My test function as follow, I have tried the answer in How to limit execution time of a function call?, but doesn't work:

class TimeoutException(Exception):
    def __init__(self, msg=''):
        self.msg = msg


@contextmanager
def time_limit(seconds, msg=''):
    timer = threading.Timer(seconds, lambda: _thread.interrupt_main())
    timer.start()
    try:
        yield
    except KeyboardInterrupt:
        raise TimeoutException("Timed out for operation {}".format(msg))
    finally:
        # if the action ends in specified time, timer is canceled
        timer.cancel()

def my_func():
    astr = "http://www.fapiao.com/dzfp-web/pdf/download?request=6e7JGm38jfjghVrv4ILd-kEn64HcUX4qL4a4qJ4-CHLmqVnenXC692m74H5oxkjgdsYazxcUmfcOH2fAfY1Vw__%5EDadIfJgiEf"
    pattern = "^([hH][tT]{2}[pP]://|[hH][tT]{2}[pP][sS]:)(([A-Za-z0-9-~]+).)+([A-Za-z0-9-~\/])+$"
    reg = re.compile(pattern)
    result = reg.match(astr)
    return result

if __name__ == '__main__':
    try:
        my_func()
    except TimeoutException as e:
        print(e.msg)

So is there any way to:

  • stop re.match when "Catastrophic Backtracking" occurs
  • limit the number/time of regular matching or raise Exception when too much match time
  • or limit the execution time of a function
luckin
  • 27
  • 3
  • similar question: https://stackoverflow.com/questions/47876259/python-regex-catastrophic-backtracking-in-url-handling. but timeout-decorator not solve my problem – luckin Jul 06 '23 at 09:07
  • Have you tried running your regex match in a thread and putting a timeout on it? such as https://stackoverflow.com/questions/35548468/how-to-set-timeout-to-threads – Learning is a mess Jul 06 '23 at 09:07
  • yes, I have tried running in a thread, but still doesn't work.
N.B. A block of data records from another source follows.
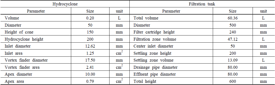 구성하였다. Hydrocyclone과 여과조의 설계 제원은 Table 1과 같다. Hydrocyclone의 내경은 50 mm, 전체 높이는 200 mm이고 하단 콘 높이는 150 mm, 상단 높이는 50 mm이며 전체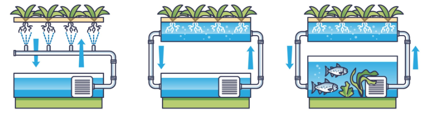 Понятие гидропоники (выращивание в питательном растворе) и аэропоники (опрыскивание корней).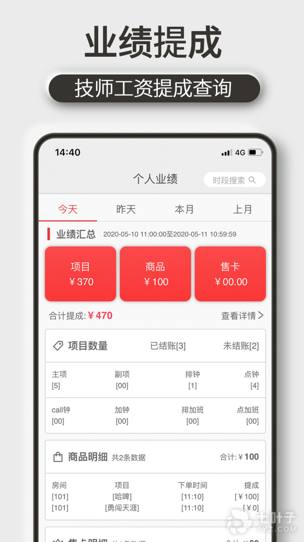 5、能够为用户计算出你每次的服务业绩信息,精准知道合计的总提成。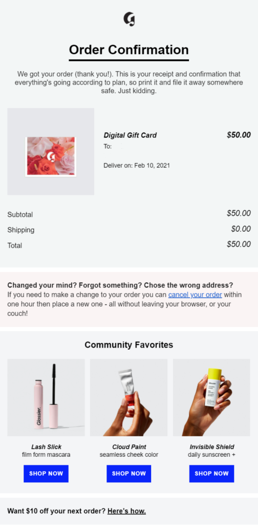 Glossier uses order confirmation emails to check with customers whether they changed their mind or chose the wrong address and gives them a chance to change or cancel the order within one hour. Besides this, they have a recommendation section with some of the most popular products.

But I don't know if I'm using thread correctly, – luckin Jul 06 '23 at 09:26
  • please share your code – Learning is a mess Jul 06 '23 at 09:31
  • Srroy, I'm new to stackoverflow. I have updated my code in the question. please help to check it. thanks! – luckin Jul 07 '23 at 01:30
  • Update:The top answer below this question https://stackoverflow.com/questions/28507359/limit-function-execution-in-python solve my problem. – luckin Jul 07 '23 at 07:06

1 Answers1

0

I know that I can start a child process and terminate it if it hasn't completed within a certain amount of time. The result from the "worker" function, my_func, must now be passed via a managed queue instance:

def my_func(result_queue):
    import re

    astr = "http://www.fapiao.com/dzfp-web/pdf/download?request=6e7JGm38jfjghVrv4ILd-kEn64HcUX4qL4a4qJ4-CHLmqVnenXC692m74H5oxkjgdsYazxcUmfcOH2fAfY1Vw__%5EDadIfJgiEf"
    pattern = "^([hH][tT]{2}[pP]://|[hH][tT]{2}[pP][sS]:)(([A-Za-z0-9-~]+).)+([A-Za-z0-9-~\/])+$"
    reg = re.compile(pattern)
    result = reg.match(astr)
    # Cannot pickle a match object, so we must send back this:
    result_queue.put(
        {
            'span': result.span(),
            'group0': result[0],
            'groups': result.groups()
        }
    )

if __name__ == '__main__':
    from multiprocessing import Process, Manager

    with Manager() as manager:
        result_queue = manager.Queue()
        p = Process(target=my_func, args=(result_queue,))
        p.start()
        p.join(1) # Allow up to 1 second for process to complete
        if p.exitcode is None:
            # The process has not completed. So kill the process:
            print('killing process')
            p.terminate()
        else:
            # The process has completed. So get the result:
            result = result_queue.get()
            print(result)
            p.join() # This should return immediately since the process has completed.
Booboo
  • 38,656
  • 3
  • 37
  • 60